Re: Proposed Draft UTR #31 - Syntax Characters

From: Mark Davis (
Date: Thu Aug 21 2003 - 11:38:17 EDT

  • Next message: Paul James Cowie: "Re: Character codes for Egyptian transliteration"

    I suspect your distinction is a bit too subtle to be useful. Having, for
    example, a RLM only have affect when adjacent to a space in a regular expression
    would be pretty prone to error; expecially since the character would be

    The reason for allowing LRM and RLM is to be able to make patterns readable.

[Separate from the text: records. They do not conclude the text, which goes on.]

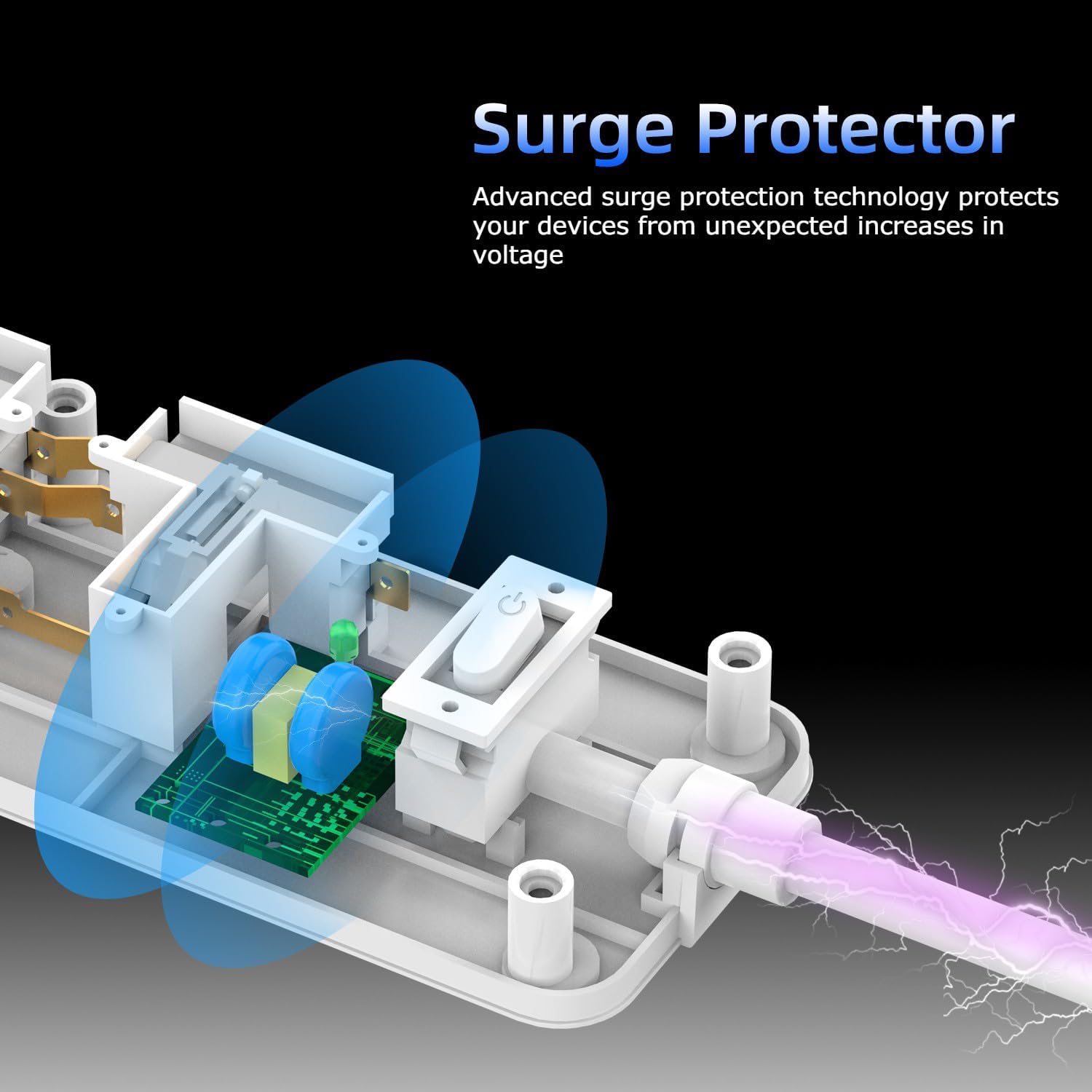 Built with surge protection and overload protection, it safeguards your connected devices from unexpected voltage spikes and electrical surges. The integrated USB outputs provide a total of 5V 3A, allowing you to charge smartphones, tablets, and other USB devices directly – without needing extra adapters.
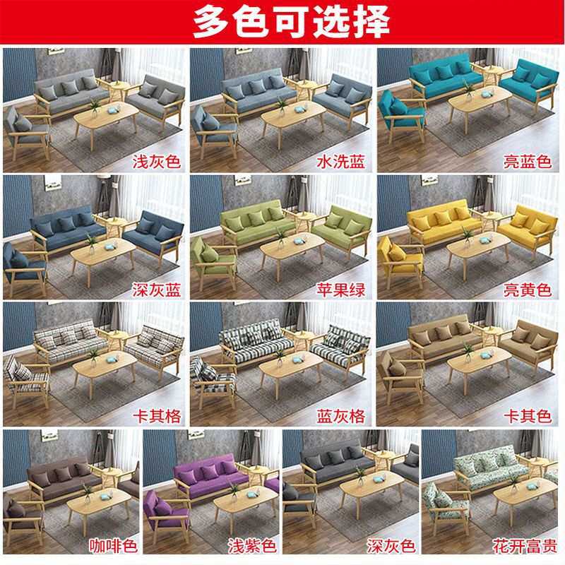 实木沙发茶几组合家用客厅出租屋布艺单双三人小沙发椅小户型
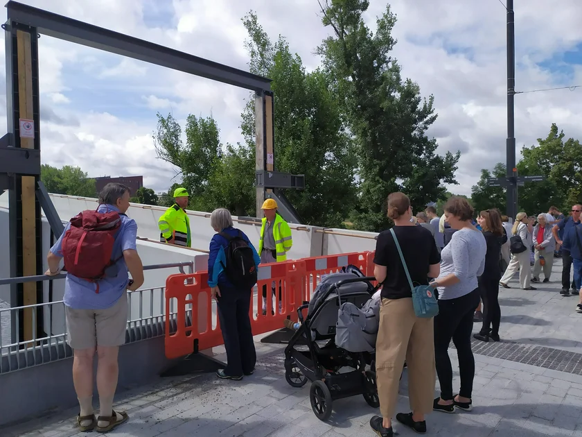 Svoboda and Hřib were among the first people to cross the bridge, using shared bicycles to make the trip. Members of the public who showed up at noon at the Holešovice and Karlín sides to be the first across were disappointed. They had to wait until the end of the VIP ceremony on the island before the gates at both ends finally opened around 1 p.m.

If
    you have some syntax like
    (where the uppercase represents Hebrew), then bidi display of the neutrals
    renders the pattern almost completely illegible. Inserting LRMs or RLMs at
    appropriate points straightens out the display. In a special "pattern UI", one
    could override the (or some) neutrals to have a strong direction, but most
    patterns are viewed and edited in plaintext editors.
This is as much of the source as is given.